Jewish life needs to be allowed to step out of the shadows.

Since 2015, the number of antisemitic crimes recorded has risen by about a third, to 2,350. But victims only report around 20% of cases. Some choose not to because they've had bad experiences with the police, others because they're afraid of the perpetrators, and still others because they just want to put it behind them. Victims clearly hold out little hope of useful reaction from the state – so crimes go unreported.

And the reality of Jewish life in Germany is a dark one. Sociologists say that Jewish children are living out their "identity under siege." What impact does it have on them when they can only go to nursery under police protection? Or when they hear Holocaust jokes at school?

Germany needs to take its antisemitism seriously

This shows that the country of commemorative services and "stumbling blocks" placed in sidewalks as a memorial to victims of the Nazis has lost its moral compass. To make it point true north again, antisemitism needs to be documented from the perspective of those affected, making it visible to the non-Jewish population. And Jewish life needs to be allowed to step out of the shadows.
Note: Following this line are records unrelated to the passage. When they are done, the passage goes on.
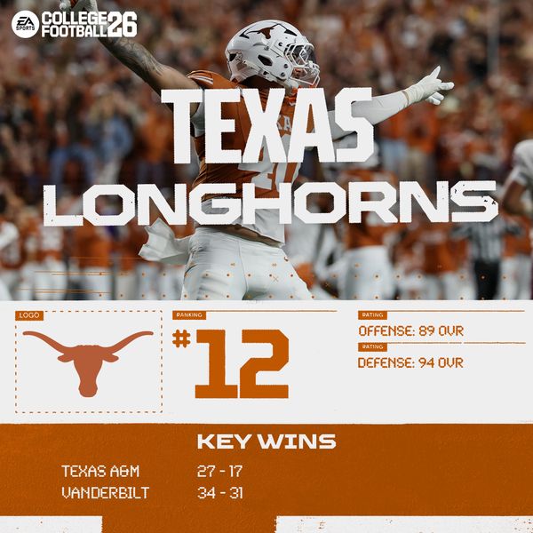 NatureBoy2323Hero+9 days agoCollege Football 26 - Week 14 Top 25 PollAre the Longhorns back? Our College Football Top 25 Poll thinks so! Check out all of this week's changes here: College Football 26 - Week 14 Top 25 Poll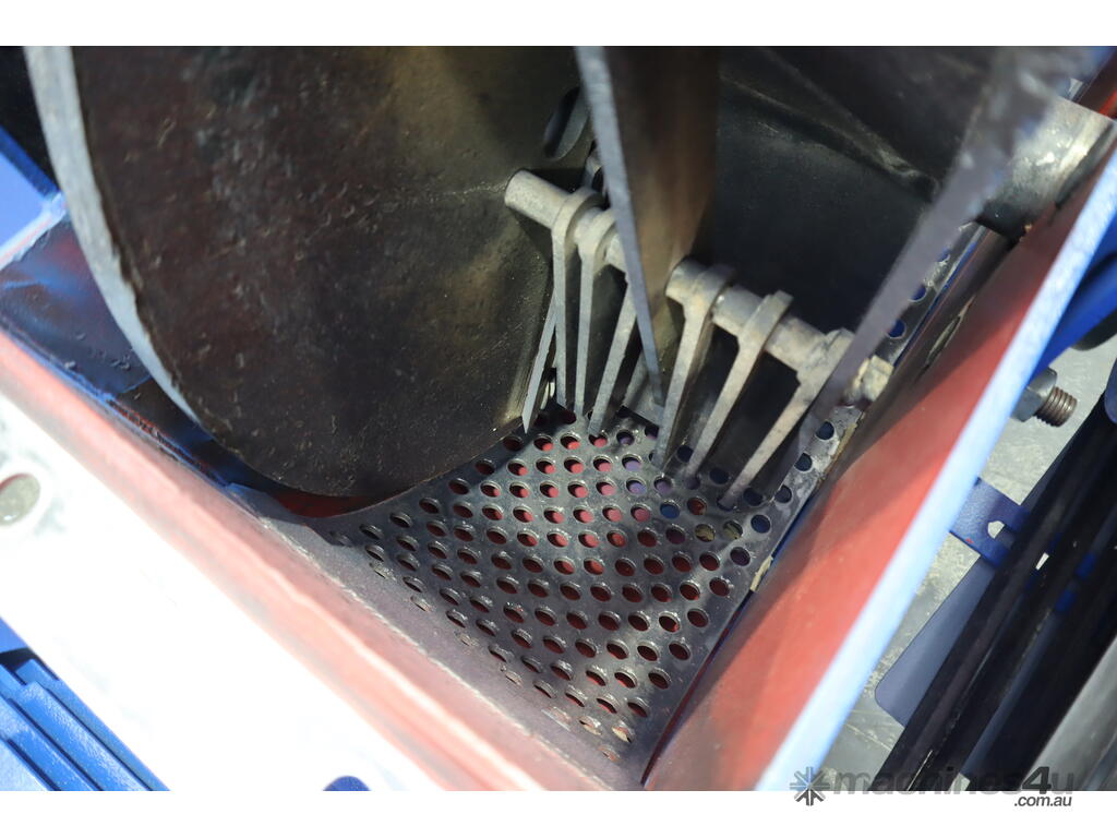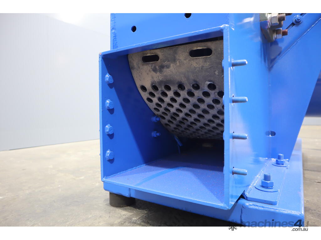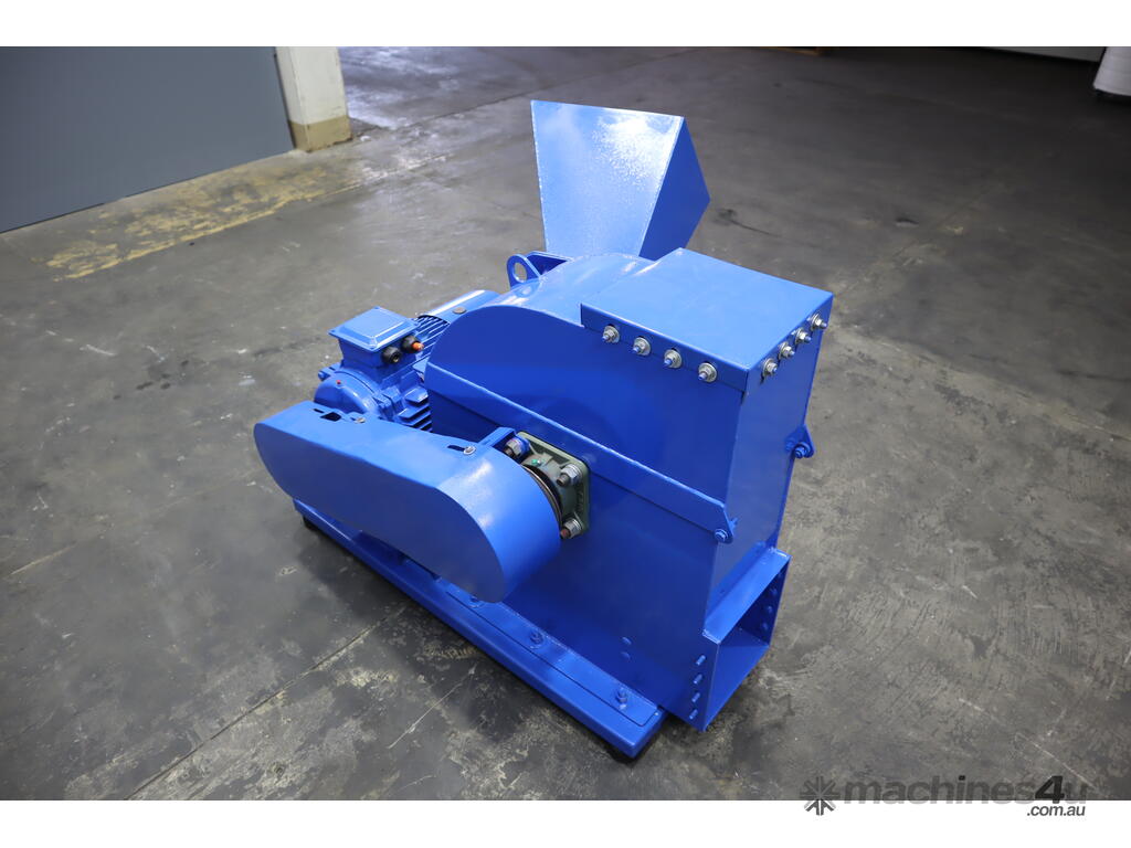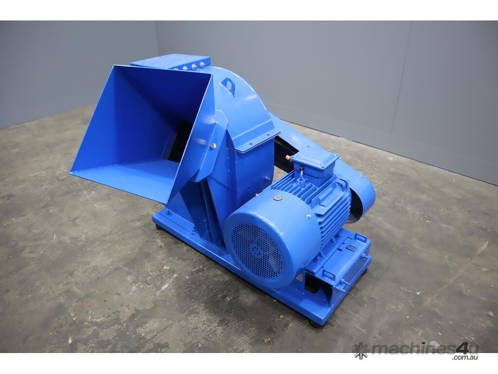 Inside the woodchipper consists of a disc with blades, hammers and a screen so it can output a consistent product. It runs off a large 22kW electric motor.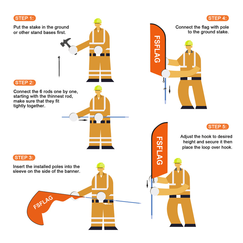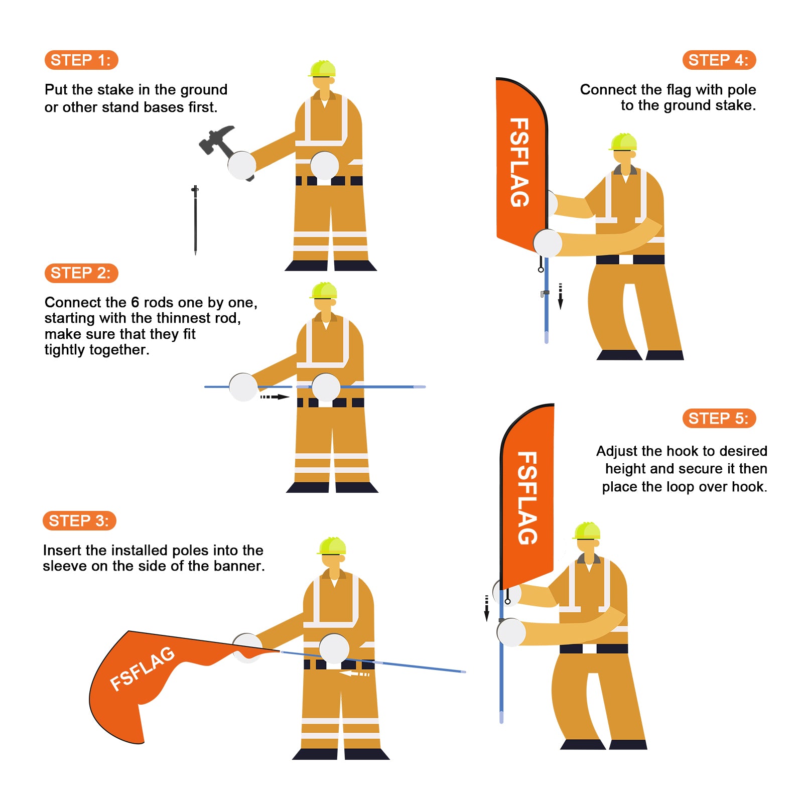 【Portable and Easy Setup】 This pizza feather flag pole kit includes 1 swooper flag+6 rods+1 ground stake and comes with 1 storage bag. They can be quickly set up and taken down, requiring minimal effort.
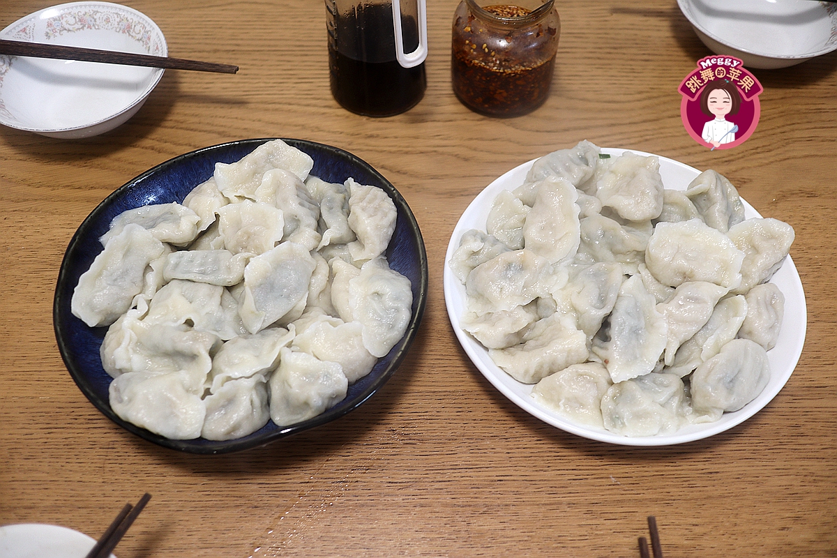 今天的饺子依然是两种馅的,一个是猪肉韭菜的,一个是猪肉春笋胡萝卜的。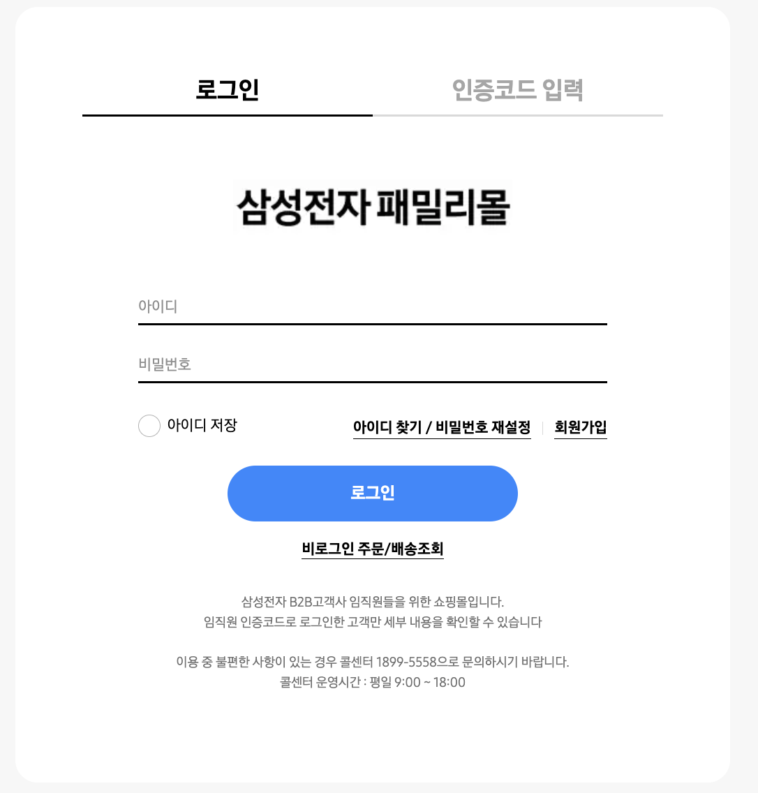 ์ผ์ฑ์ ์ ํจ๋ฐ๋ฆฌ๋ชฐ์ ๋๊ตฌ๋ ๋ค์ด๊ฐ ์ ์๋ ๊ณต๊ฐ ์ผํ๋ชฐ์ด ์๋๋ผ, ํน์ ์กฐ๊ฑด์ ์ถฉ์กฑํด์ผ๋ง ๊ฐ์ ํ ์ ์๋ ๋น๊ณต๊ฐ ์ ์ฉ ์จ๋ผ์ธ๋ชฐ์ ๋๋ค. ํนํ ๊ตฐ์ธ ์ธ์ฆ์ ๋ง์น๋ฉด TV, ๋์ฅ๊ณ , ์ธํ๊ธฐ, ์ค๋งํธํฐ ๋ฑ ์ฃผ์ ๊ฐ์ ์ ๊ตฐ์ธ ์ ์ฉ ํน๊ฐ๋ก ๊ตฌ์ ํ ์ ์์ต๋๋ค.

That is the first thing. The second is that we need to talk about specifically German forms of antisemitism. For example, the fact that in no other EU country are Jewish people so often confronted about the Israeli government's policies (according to a survey, 41% of German Jews have experienced this, while the EU average is 28%). Projecting the old antisemitism onto the state of Israel offers people a more comfortable target for their arguments.

Our society needs to have more conversations about antisemitism. The test of German democracy, as McCloy called it, starts with taking these concerns seriously and talking about them. We need to have these conversations because it affects all of us. It's about saving our democracy. Before it's too late.